» **Given data**:
BEGIN

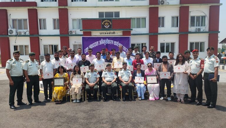 समापन समारोहमा मध्य पूर्वी पृतनाका चिफ अफ स्टाफ सहायक रथी भूवन खत्रीले अभिमुखीकरण कार्यक्रम सफलतापूर्वक सम्पन्न गर्ने सञ्चारकर्मीहरूलाई बधाई ज्ञापन गर्दै प्रमाणपत्र वितरण गरे ।
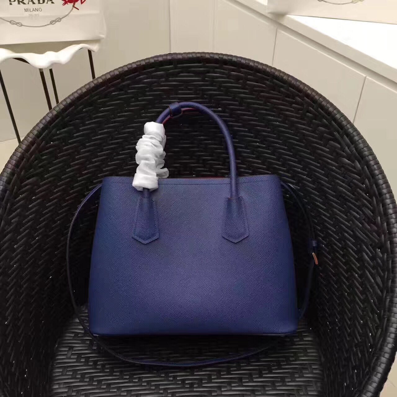 • Load image into Gallery viewer, Prada Blue Saffiano Double Medium Bag
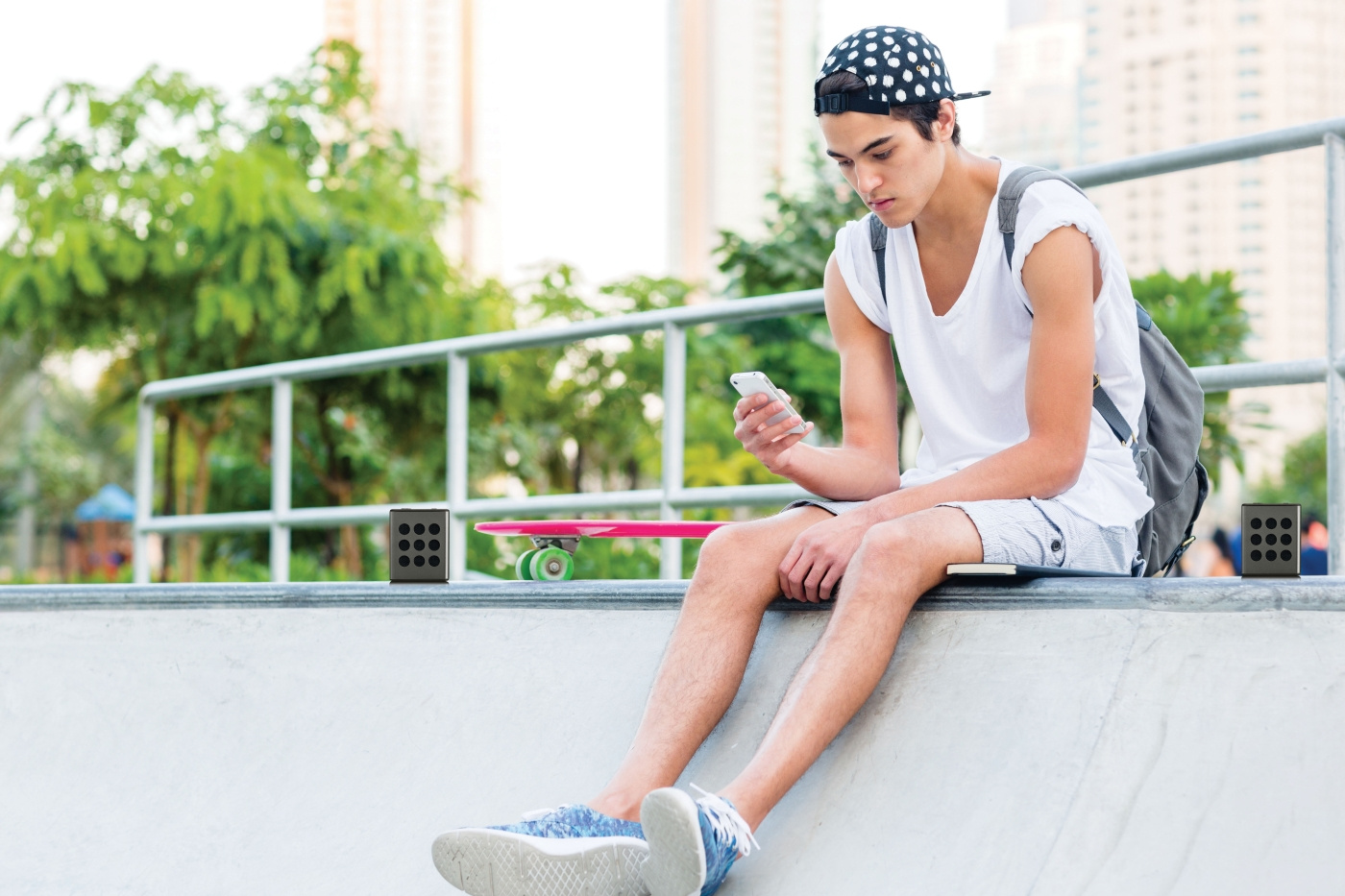 Når vennene dine kommer på besøk for å grille i hagen, tar du også med deg Lenco BTP-200 ut. Begge høyttalerne fungerer perfekt i hele 8 timer på én enkelt batterilading. Du trenger altså ikke å lete etter en skjøteledning for å få strøm i hagen. Den innebygde Bluetooth®-teknologien gjør at hvem som helst kan lytte til favorittsangen sin på en smarttelefon eller et nettbrett. Du kan selvsagt også spille av musikk ved å koble den til AUX-inngangen på 3,5 mm. Dermed trenger du aldri å gå uten musikk.
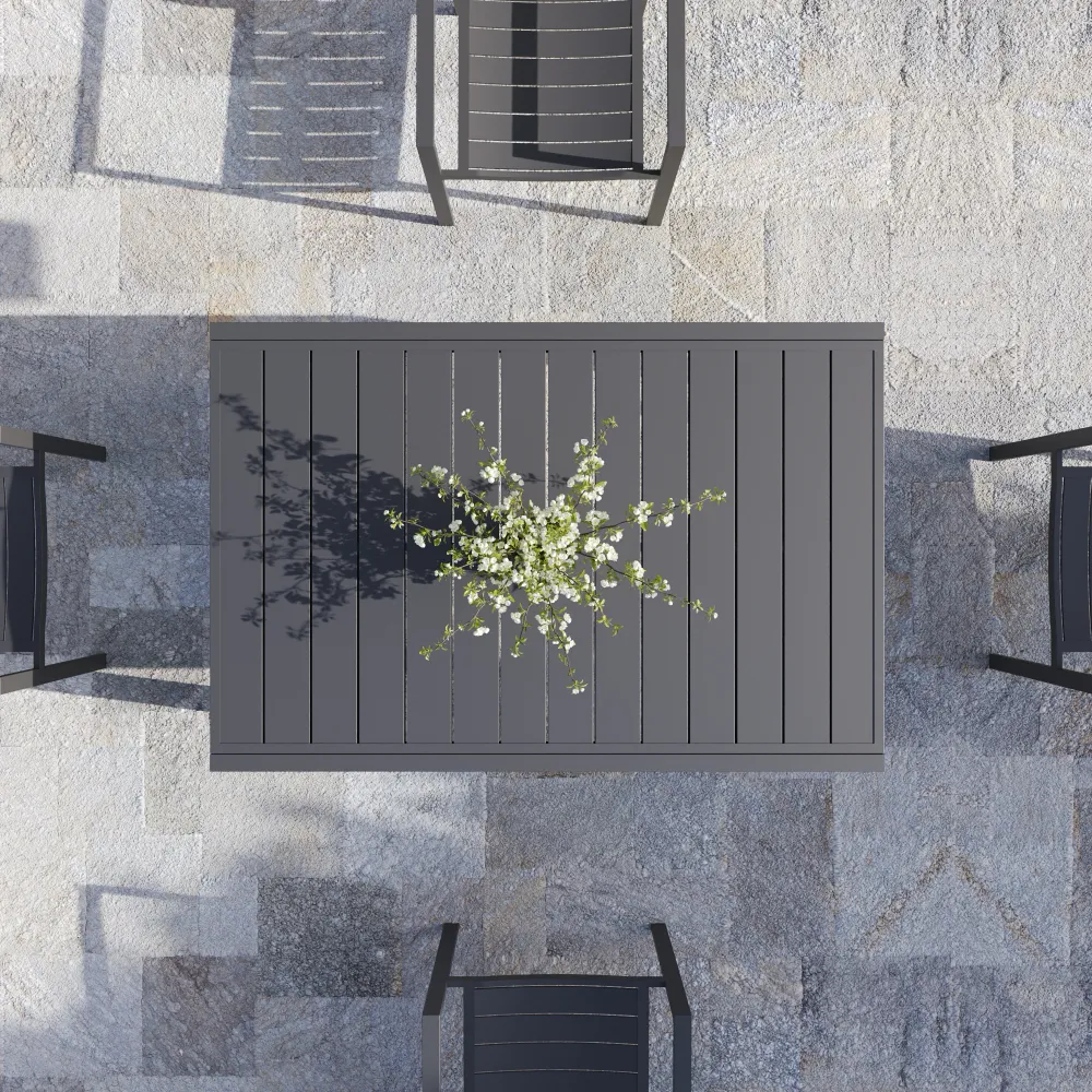 Tavolo da esterno rettangolare in alluminio grigio scuro allungabile 135/270x90xh74cm con top a doghe | Marel

END

Your job is to reproduce the material exactly. Keep pictures out of it.

» **Solution for this task**:
 समापन समारोहमा मध्य पूर्वी पृतनाका चिफ अफ स्टाफ सहायक रथी भूवन खत्रीले अभिमुखीकरण कार्यक्रम सफलतापूर्वक सम्पन्न गर्ने सञ्चारकर्मीहरूलाई बधाई ज्ञापन गर्दै प्रमाणपत्र वितरण गरे ।
 • Load image into Gallery viewer, Prada Blue Saffiano Double Medium Bag
 Når vennene dine kommer på besøk for å grille i hagen, tar du også med deg Lenco BTP-200 ut. Begge høyttalerne fungerer perfekt i hele 8 timer på én enkelt batterilading. Du trenger altså ikke å lete etter en skjøteledning for å få strøm i hagen. Den innebygde Bluetooth®-teknologien gjør at hvem som helst kan lytte til favorittsangen sin på en smarttelefon eller et nettbrett. Du kan selvsagt også spille av musikk ved å koble den til AUX-inngangen på 3,5 mm. Dermed trenger du aldri å gå uten musikk.
 Tavolo da esterno rettangolare in alluminio grigio scuro allungabile 135/270x90xh74cm con top a doghe | Marel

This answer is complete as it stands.